How do I utilize a named instance within the ObjectFactory.Initialize call for StructureMap?

I am trying to do the following bootstrapping:
x.For(Of IErrorLogger).Use(Of ErrorLogger.SQLErrorLogger)().
Ctor(Of IErrorLogger)("backupErrorLogger").Is(ObjectFactory.GetNamedInstance(Of IErrorLogger)("Disk"))
x.For(Of IErrorLogger).Add(
Function()
Return New ErrorLogger.DiskErrorLogger(
CreateErrorFileName(ServerMapPath(GetAppSetting("ErrorLogFolder"))))

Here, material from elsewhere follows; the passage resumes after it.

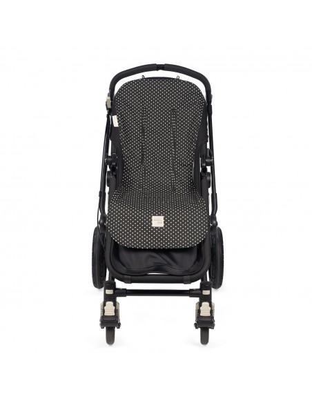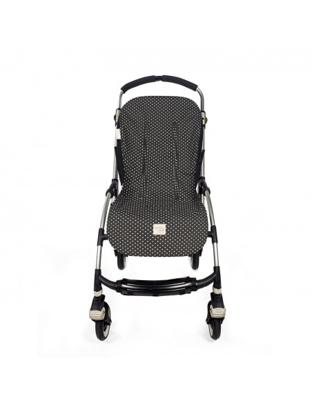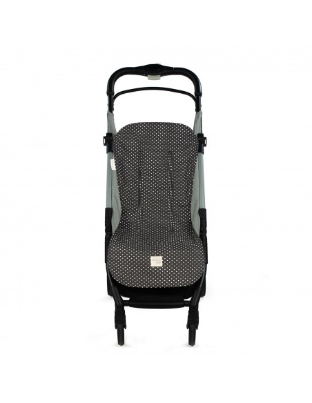 La colchoneta para silla de paseo Emily con topito es el forro ideal para cubrir el asiento de tu bebé durante el verano, protegiendo su piel de las rozaduras e irritaciones del calor y además mantienes el tapizado original como nuevo. Está elaborada con un material transpirable que ayuda a prevenir la sudoración excesiva del bebé y protege la sillita haciendo el paseo más confortable. Su esquema de uso universal te permite adaptar el colchón a la mayoría de las sillas de paseo.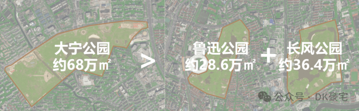 大宁公园约68万平,浦西中环内面积最大的公园。与此同时,鲁迅公园占地面积28.63万平,长风公园占地36.4万平。

End Function).Named("Disk")
But it shows this error:
StructureMap Exception Code: 200
Could not find an Instance named "Disk" for PluginType Logging.IErrorLogger
I sort of understand why this is happening.. the question is, how do I utilize a named instance within the registry? Maybe something like lazy initialization for the ctor argument for the SQLErrorLogger? I am not sure how to make it happen.
Thanks in advance for any help you can provide.
I found the correct way to do it in the latest version (2.6.1) of StructureMap:
x.For(Of IErrorLogger).Use(Of ErrorLogger.SQLErrorLogger)().
Ctor(Of IErrorLogger)("backupErrorLogger").Is(
Function(c) c.ConstructedBy(Function() ObjectFactory.GetNamedInstance(Of IErrorLogger)("Disk"))
)
x.For(Of IErrorLogger).Add(Function() _
New ErrorLogger.DiskErrorLogger(
CreateErrorFileName(ServerMapPath(GetAppSetting("ErrorLogFolder"))))
).Named("Disk")
Notice for the Is method of Ctor, we need to provide a func(IContext), and use the IContext.ConstructedBy(Func()) to call ObjectFactory.Get... to successfully register the IErrorLogger in this case.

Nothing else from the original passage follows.